▶ [DESCRIPTION OF THE TASK] Please keep to the lines below from the one with "ドイツダックスに興味のある方 おすすめのブリーダーさんです!(静岡県 男性)" through the one with "北海道産小麦100%使用の拘", and restate them word for word, ends included.

▶ [DATASET CONTENT]
◇ ◇ ◇ ◇

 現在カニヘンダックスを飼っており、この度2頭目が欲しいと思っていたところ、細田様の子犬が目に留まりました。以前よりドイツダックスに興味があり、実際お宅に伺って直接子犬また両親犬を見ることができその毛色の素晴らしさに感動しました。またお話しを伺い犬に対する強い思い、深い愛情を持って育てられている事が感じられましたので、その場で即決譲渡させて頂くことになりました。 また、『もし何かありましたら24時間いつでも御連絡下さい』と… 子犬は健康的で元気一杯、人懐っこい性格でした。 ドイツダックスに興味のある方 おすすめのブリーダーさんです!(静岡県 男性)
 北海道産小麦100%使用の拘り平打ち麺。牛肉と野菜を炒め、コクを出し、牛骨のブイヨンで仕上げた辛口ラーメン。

◇ ◇ ◇ ◇

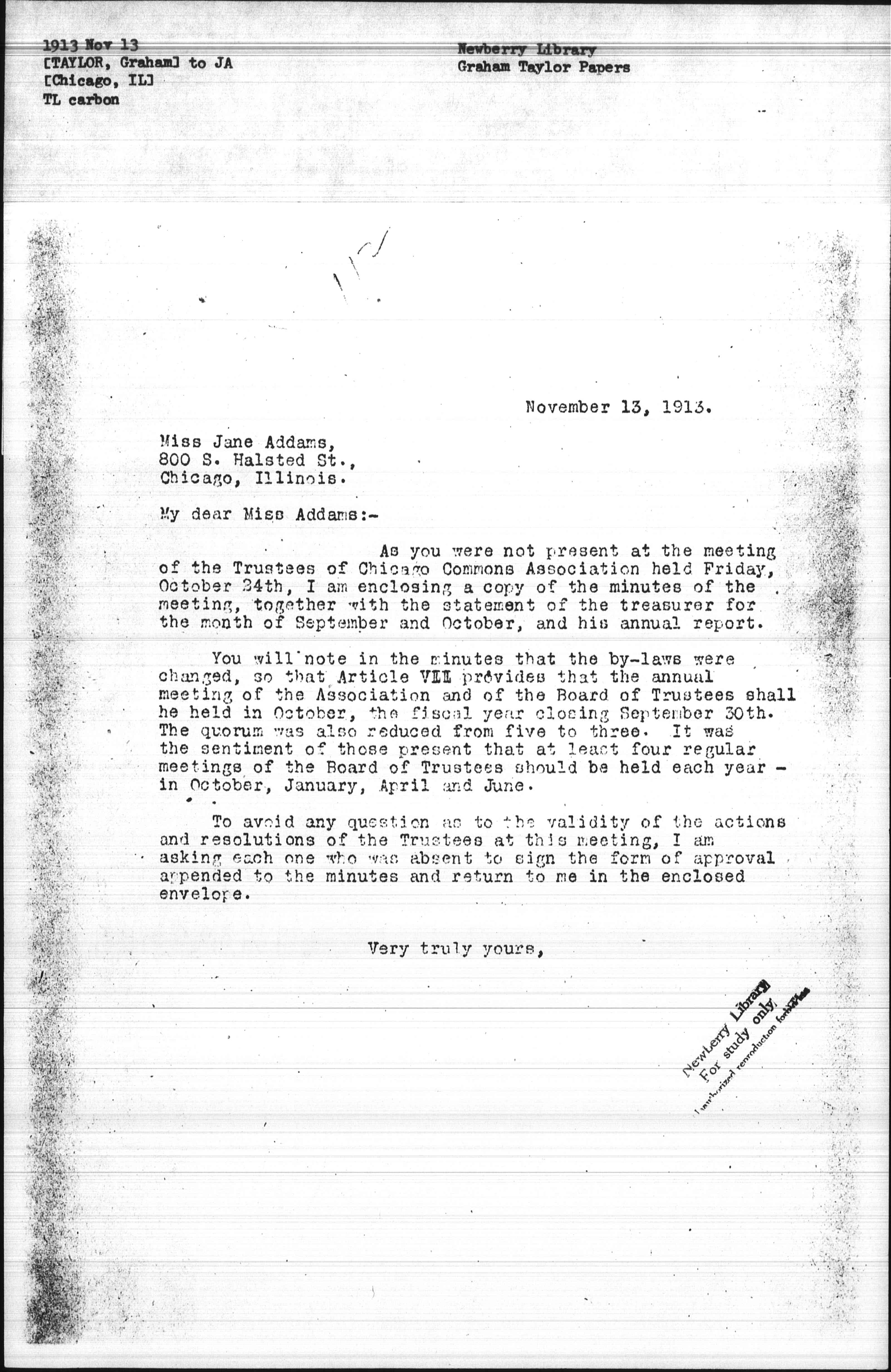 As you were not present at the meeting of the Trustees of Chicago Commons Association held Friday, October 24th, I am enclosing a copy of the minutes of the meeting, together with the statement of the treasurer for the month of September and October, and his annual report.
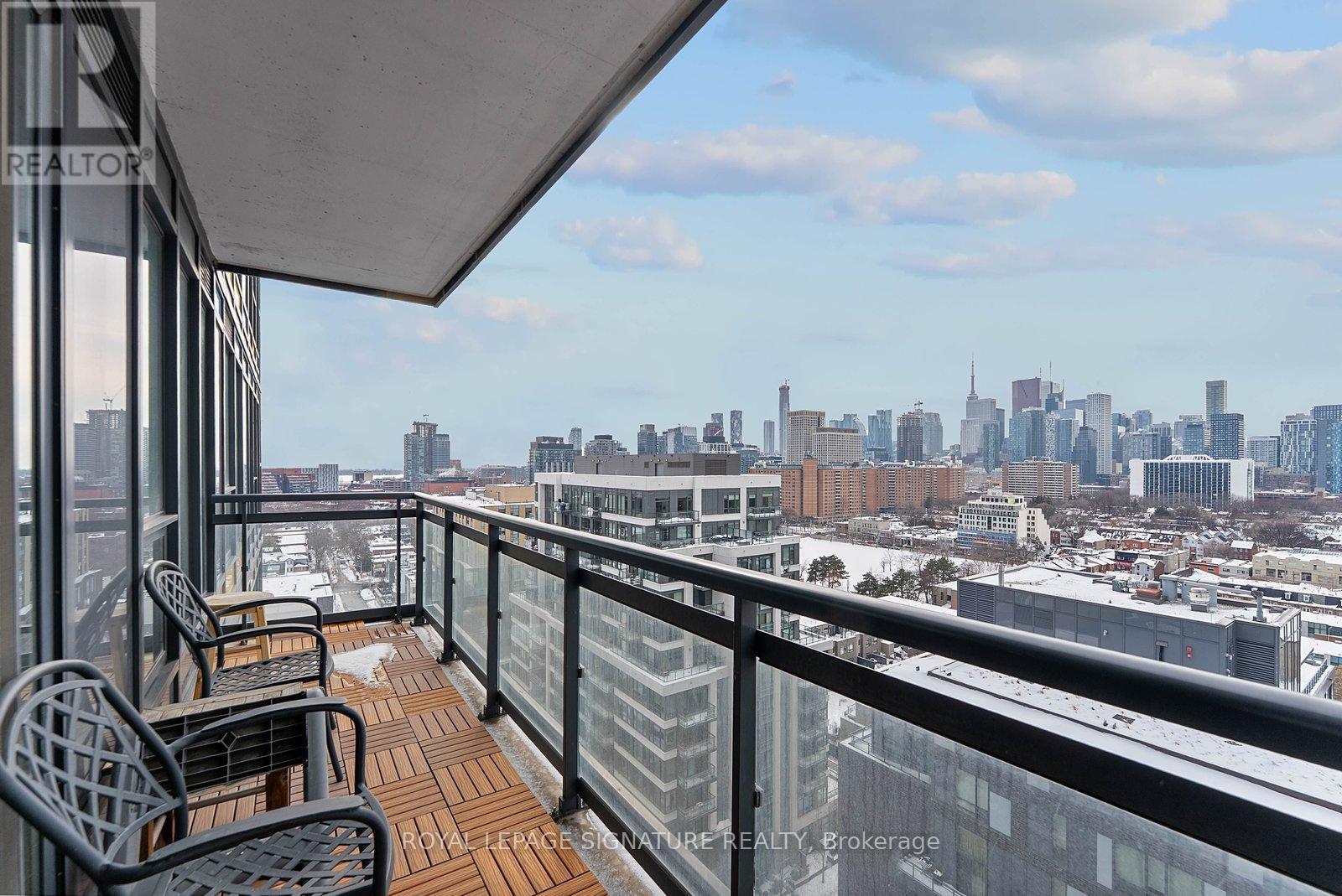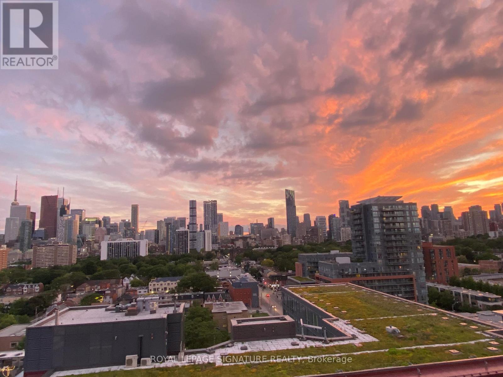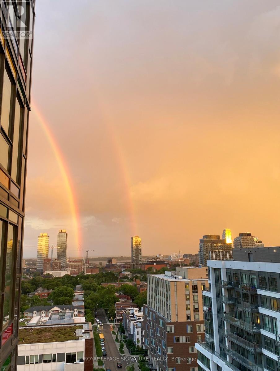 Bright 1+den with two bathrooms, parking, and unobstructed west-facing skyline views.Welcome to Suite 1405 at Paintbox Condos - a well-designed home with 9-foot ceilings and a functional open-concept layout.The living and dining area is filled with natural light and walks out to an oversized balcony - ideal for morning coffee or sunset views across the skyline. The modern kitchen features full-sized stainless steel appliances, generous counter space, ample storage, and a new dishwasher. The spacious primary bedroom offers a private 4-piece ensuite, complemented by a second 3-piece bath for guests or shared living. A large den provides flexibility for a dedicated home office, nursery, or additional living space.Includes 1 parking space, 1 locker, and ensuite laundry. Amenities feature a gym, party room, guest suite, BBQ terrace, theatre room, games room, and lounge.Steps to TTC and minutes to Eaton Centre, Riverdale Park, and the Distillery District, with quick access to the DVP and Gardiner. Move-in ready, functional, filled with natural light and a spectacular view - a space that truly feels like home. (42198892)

◇ ◇ ◇ ◇

▶ [SOLVED PROBLEM]
 現在カニヘンダックスを飼っており、この度2頭目が欲しいと思っていたところ、細田様の子犬が目に留まりました。以前よりドイツダックスに興味があり、実際お宅に伺って直接子犬また両親犬を見ることができその毛色の素晴らしさに感動しました。またお話しを伺い犬に対する強い思い、深い愛情を持って育てられている事が感じられましたので、その場で即決譲渡させて頂くことになりました。 また、『もし何かありましたら24時間いつでも御連絡下さい』と… 子犬は健康的で元気一杯、人懐っこい性格でした。 ドイツダックスに興味のある方 おすすめのブリーダーさんです!(静岡県 男性)
 北海道産小麦100%使用の拘り平打ち麺。牛肉と野菜を炒め、コクを出し、牛骨のブイヨンで仕上げた辛口ラーメン。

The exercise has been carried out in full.